During a visit to the Washington, D.C. Holocaust Museum Monday, President Barack Obama restated his commitment to Israel saying he'll "always be there" for the Jewish state.
The president's comments came a few days after Holocaust Remembrance Day. He also announced a series of steps to promote human rights and prevent genocide around the world.
Obama was introduced by Holocaust survivor and author Elie Wiesel, who said that as the nation's chief executive and a father, the president's duty is to remind future generations that the Holocaust happened.
"We must tell our children about a crime unique in human history, the one and only Holocaust," Obama said. "Six million innocent people -- men, women, children, babies -- sent to their deaths just for being different, just for being Jewish."
He added that these "seeds of hate" cannot be allowed to take root again. The president said an individual commitment to the Jewish people extends to American support for Israel.
"When attempts are made to delegitimize the state of Israel, we oppose them," Obama continued.
"When faced with a regime that threatens global security and denies the Holocaust and threatens to destroy Israel, the United States will do everything in our power to prevent Iran from getting a nuclear weapon," he said.
In his speech, President Obama also mentioned South Sudan as one success story in his administration's fight against genocide.
As a result of diplomacy, South Sudan is the world's newest nation. Still, an ongoing fight between Sudanese Muslims and the primarily Christian South is growing.
Hospital officials are trying to cope with the aftermath of bombings and shootings from a brewing war that threatens to wipe out a cease-fire with the Sudanese government.
"The situation is now much, much alarming.
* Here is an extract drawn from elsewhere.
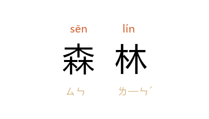 ⒈ 通常指大片生长的树木。林业上指在相当广阔的土地上生长的很多树木,连同在这块土地上的动物以及其他植物所构成的整体。

We are now stretched to the limit," said Joseph Panyon, administrative director of Bentiu Hospital.
"We are receiving all the military casualties and the civilians alike on top of our normal patients that we have been dealing with," he said.
President Obama tried to intervene over the weekend, calling both sides in the largely Muslim-Christian conflict to account.
"We know what needs to happen," Obama said. "The government of Sudan must stop its military actions -- including aerial bombardments -- and must give aid workers access they need to save lives, and it must end its support for armed groups inside the South."
"Likewise, the government of South Sudan must end its support of armed groups inside Sudan, and it must cease its military actions across the border," he added.
Also Monday, Obama issued a new executive order that will allow the United States to impose sanctions on foreign governments that use modern technology, such as the Internet, to commit human rights abuses.